PM Modi’s vision of a ‘new India’ needs substance not NITI Aayog’s ‘goodie bag’
Prime Minister Narendra Modi’s grand vision of a “new India” needs substance and strategy, not the fantasies that Niti Aayog is trying to sell.
Last Sunday, the Niti Aayog held the third meeting of its governing council where vice-chairman Arvind Panagariya presented a 15-year vision statement that seeks to transform India into “a prosperous, highly educated, healthy, secure, corruption-free, energy-abundant, environmentally clean and globally influential nation” by 2031-32. The presentation drew from a speech Prime Minister Narendra Modi delivered in Kozhikode in September, when he listed eight key features of economic development he would like to see in times to come.

Few would disagree with the goals Panagariya outlined at the meeting that was held under the prime minister’s chairmanship, with several senior Cabinet ministers and chief ministers from all but two states in attendance. The goals pursued by successive governments in the past have been no different, but the outcomes have often fallen short of the stated objectives, because either the strategy was flawed or its implementation was inadequate.
Can Niti Aayog help Modi’s government buck the trend?

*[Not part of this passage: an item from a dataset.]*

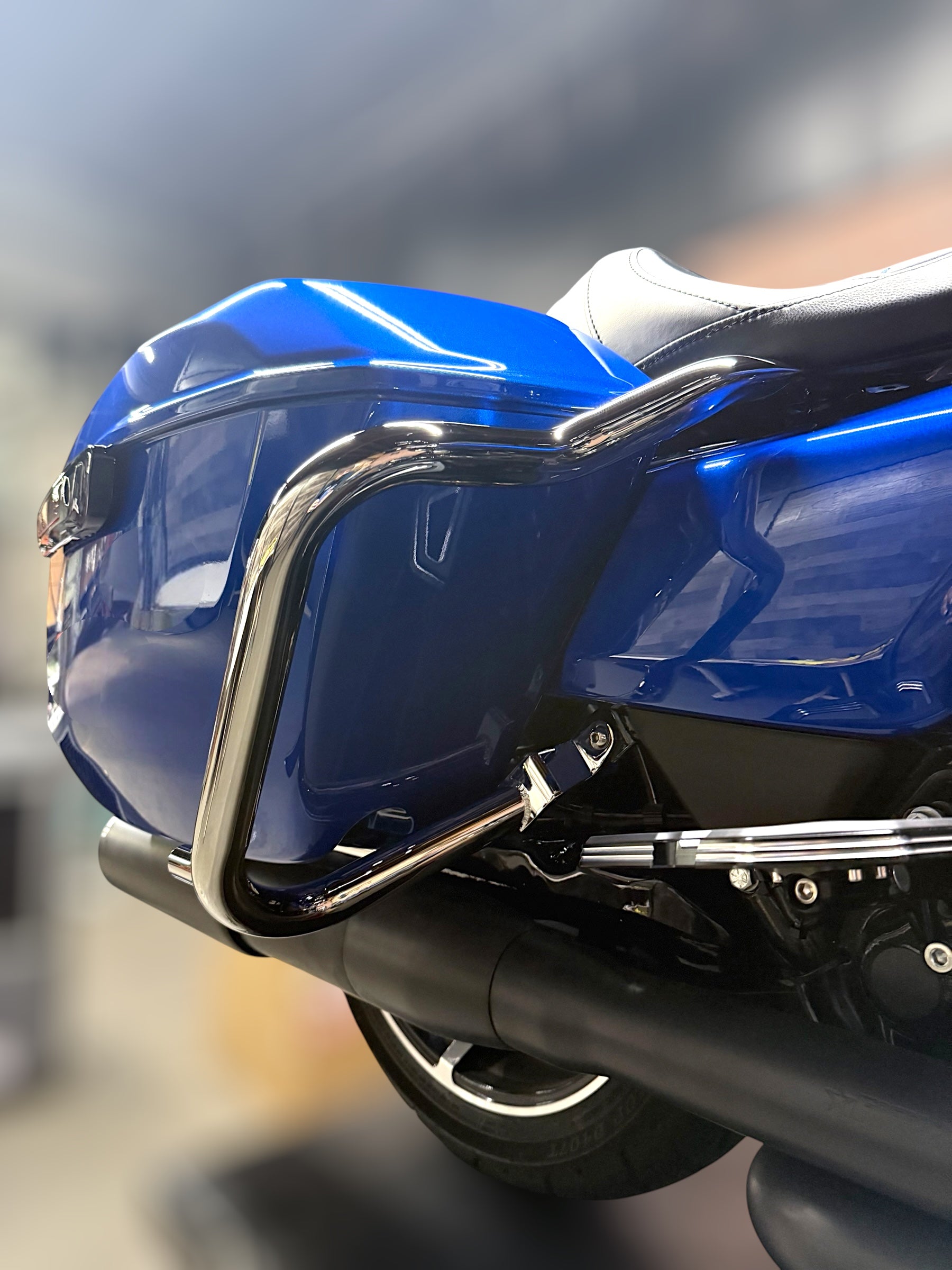 These will follow the flow of the stock bags from the 2023 touring/bagger models. The new models have stock "stretched bags". It's extended on the rear of the bags but not the front, leaving like a slope at the bottom. Our rails follow that slope to perfectly trim the bottom and adds protection to the bags, if the bike were to ever tip over.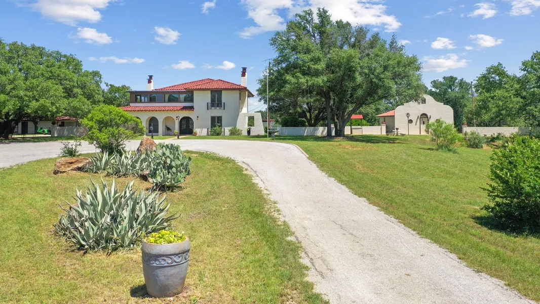 Situated on 54 fully fenced acres, this estate offers a blend of Spanish charm and refined living. The home, guesthouse, and horse facilities provide a serene retreat all overlooking the massive pond. The main residence features spacious living areas with tasteful accents. Downstairs you will find two living areas, a massive kitchen, a full bathroom and an office which could easily be converted into an additional bedroom. The kitchen boasts custom cabinetry, quartz countertops and high end appliances. Upstairs you will find 3 bedrooms, each of which have en suite bathrooms including custom tile showers with plate glass doors. The upstairs includes an enclosed patio with access off of the primary bedroom. There is a one bed one bath guest house, which has its own patio overlooking the large pond. The property includes 3 ponds, a workshop, a hay barn and 6 horse turnouts each of which have their own loafing sheds. The home underwent an full remodel in 2021.

Besides the vision statement, the Aayog was mandated to design a seven-year strategy and a three-year action plan effective through this fiscal year. The strategy is yet to be framed, but a draft of the three-year-plan was circulated at Sunday’s meeting and has since been posted on the Aayog’s website. Perhaps, the first blunder has been committed: Of putting the cart before the horse.
The plan for 2017-18 to 2019-20 has turned out to be an exercise in incrementalism and a document full of wishful targets, which are neither backed by past trends nor supported by sound economic logic. It doesn’t reflect any strategic thinking because there is none. For any vision to come true, there has to first be a strategy, and then an action plan. And for an action plan to be effective, the strategy must have a buy-in from the political class.
That said, let’s turn to the vision statement and see if it is good enough to guide the formulation of an appropriate strategy.
As Pronab Sen, an economist who spent 15 years in the Planning Commission being the strategic thinker behind several Five-Year Plans, argues: A good vision statement must capture the imagination of the nation, should be seen to have full political commitment, especially at the highest level, and it must force the strategic thinkers and technocrats to go beyond mere extrapolations. In a research paper to be published in the Economic and Political Weekly, Sen draws parallel between Modi’s ‘sabka saath sabka vikas’ slogan with Indira’s Gandhi’s ‘garibi hatao’ campaign — overarching vision statements that have had a powerful impact on the collective psyche, but not quantitative in their character.
In Gandhi’s case, once the campaign was coined, policy makers were forced to first define garibi (poverty) in a measurable, politically-acceptable manner, and then recast the planning model to include poverty reduction as a specific target, Sen points out. The result: The fifth Five-Year Plan, which made garibi hatao its centrepiece, was one of the most successful among the 12 Five-Year Plans that the Planning Commission rolled out before Modi decided to scrap it.
In contrast, Niti Aayog has failed to provide substance to Modi’s vision. According to Panagariya’s power point presentation, the only publicly available document on the 15-year roadmap, India’s economy can grow more than three-fold because China’s economy did so in the past 15 years. Worse, it goes on to argue if per capita income grows three-fold by 2031-32, “nearly all Indians” will have “access to two wheelers/cars, air conditioning and other white goods”.
Panagariya might just have leaped beyond even possible statistical imagination here. Only 20% of Indians currently earn more than India’s per capita income, while 60% earn less than a third of it. And, in a country where more than half still lack access to basic amenities, Dipti Jain, writing in Mint, might have rightly accused the Niti Aayog of selling fantasies. But the real question could be even more diabolical: Has the messenger (Niti Aayog) killed the message (the Prime Minister’s grand vision)?